Whilst target_compile_options was evaluated for this use case and seems a good match, it was discounted as:

  1. It doesn’t solve the problem for non-CMake users (o.k. pkg-config, but it’s still a flag both us and the user has to set correctly)
  2. A flag (i.e. something that may or may not be there) shouldn’t be used for something like this that’s truly hard coded. A configure-time hard-coded #define/#undef pair is a very standard way of handling just this use case.

Geant4’s Geant4Config.cmake does provide the multithreaded component so the existence or not of multithreading support can either be required:

find_package(Geant4 REQUIRED multithreaded)

or optional and checked:

find_package(Geant4 REQUIRED)
if(Geant4_multithreaded_FOUND)
  # Just as an example
  target_compile_definitions(myApp PRIVATE G4MULTITHREADED)
endif()

But all cases, whether in cmake or not, without recourse to compiler flags are handled by

#include "G4Types.hh"

#ifdef G4MULTITHREADED
  mt_impl();
#else
  seq_impl();
#endif

which is no different to checking the version at compile time:

#include "G4Version.hh"

#if G4VERSION_NUMBER < 1070
  do_this();
#else
  do_that();
#endif

that is similarly something that’s hard-coded at build time.

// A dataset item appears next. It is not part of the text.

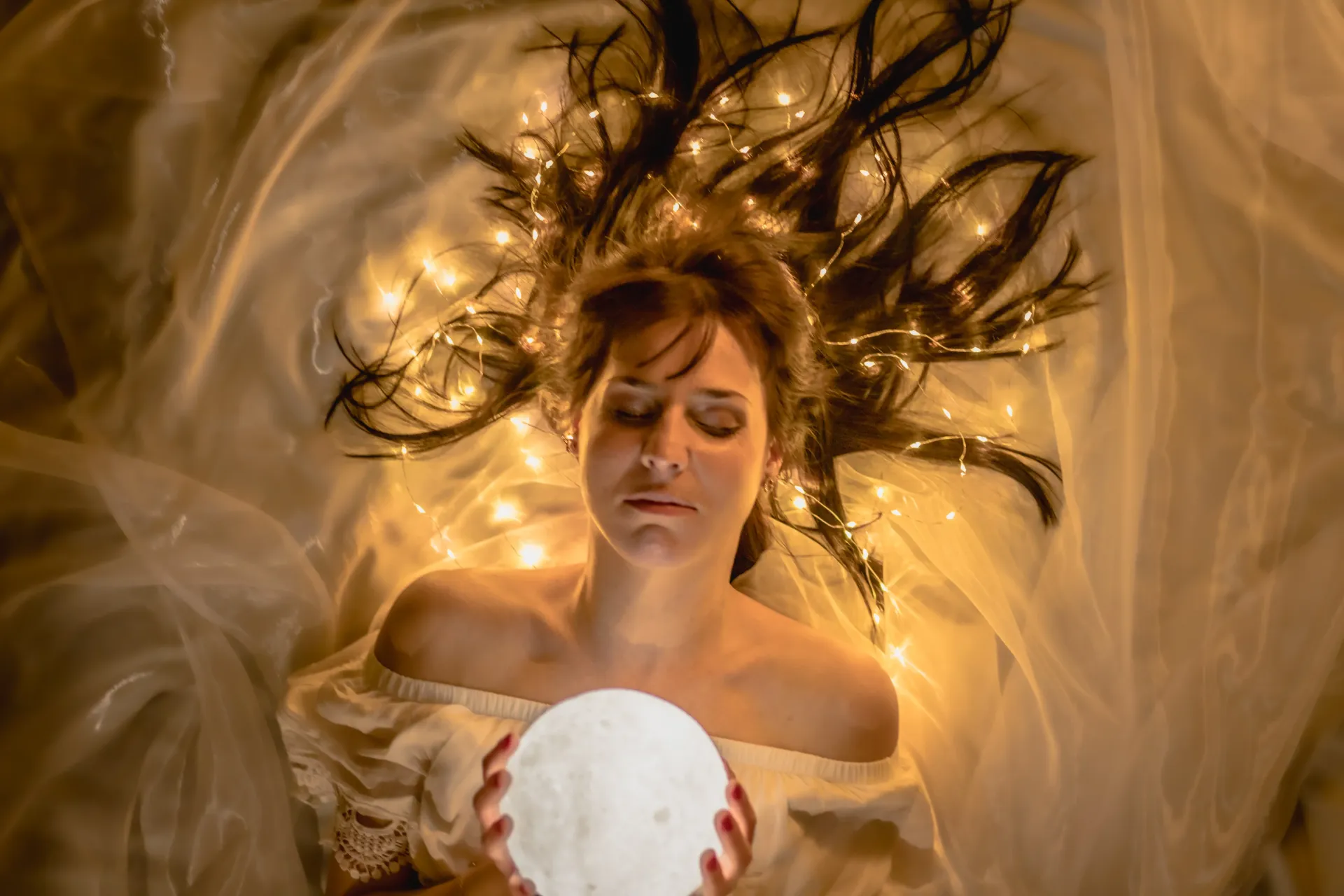 Plongez dans 'Féerie Nocturne', une série de photos capturant la magie et le mystère avec Estelle tenant une lune éclairée. Ces images, empreintes de féerie, marient la poésie du clair de lune à la grâce et à l'élégance d'Estelle, créant un univers enchanté où la lumière et la fantaisie se rencontrent dans un ballet visuel envoûtant.

Thanks again for the extra details. I think that maybe putting the flag in a header called something like G4MultiThreading.hh would be more intuitive. Your example about the version check definitely makes sense, since the name of the header to be included is really descriptive, while including G4Types.hh to make a check about multithreading sounds a bit odd at first sight; currently, it seems to me that including G4GlobalConfig.hh is more intuitive, since I’m going to make check about a global configuration of the G4 build, not about a data type.

Anyway I understood your point, and even if I still don’t think it’s the best way to handle these things I’d say that I’m fine with it. So thanks again for your time.

Hi

I am using example B1. To use it in multithread mode, I have included #include “G4Types.hh” and added following lines in the main()

#ifdef G4MULTITHREADED
G4MTRunManager* runManager = new G4MTRunManager;
runManager->SetNumberOfThreads(2*(G4Threading::G4GetNumberOfCores()));

#else
G4RunManager* runManager = new G4RunManager;
#endif

Then I build the code using -
cmake -DGEANT4_BUILD_MULTITHREADED=ON

then make -j10

but it is still taking same time to complete the same number of primaries. I m running the code on a computer having 20 threads.

Please let me know if I have to further modifications in the example B1 for MT.